### DATA SECTION
Content starts

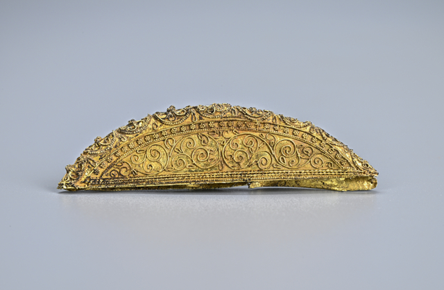 由两层月牙形金片合成,表面纹饰由掐丝及炸珠工艺制成。正背两面主纹饰为左右对称的卷草纹,边缘以两条金丝组成纹带,带内焊缀金粟花纹及联珠纹,底部两组绞丝纹。脊上排列九组金丝宝相花,边缘焊缀联珠纹。梳背中空,内残留块状白色包含物(牙质)。
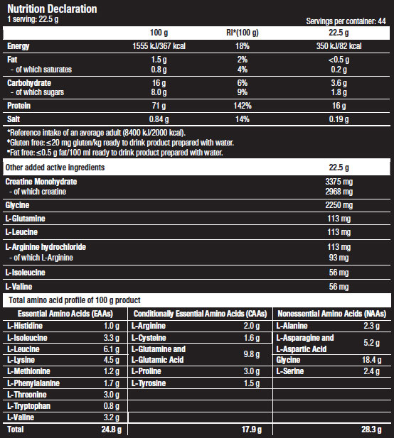 Съставки: Суроватъчен протеин, креатин монохидрат, глицин, L-глутамин, L-левцин, L-аргинин, L-изолевцин, L-валин
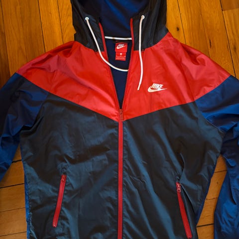 Nike Air Løpejakke for herre i størrelse S. Jakken er svart og designet for løping.. Selges billig siden den ikke blir brukt.

Content ends

### EXERCISE BRIEF
Quote exactly the lines from the one that contains "Съставки: Суроватъчен протеин, креатин" through the end of the listing above, both ends included, leaving out the pictures.

### SOLUTION FOR THIS TASK
 Съставки: Суроватъчен протеин, креатин монохидрат, глицин, L-глутамин, L-левцин, L-аргинин, L-изолевцин, L-валин
 Nike Air Løpejakke for herre i størrelse S. Jakken er svart og designet for løping.. Selges billig siden den ikke blir brukt.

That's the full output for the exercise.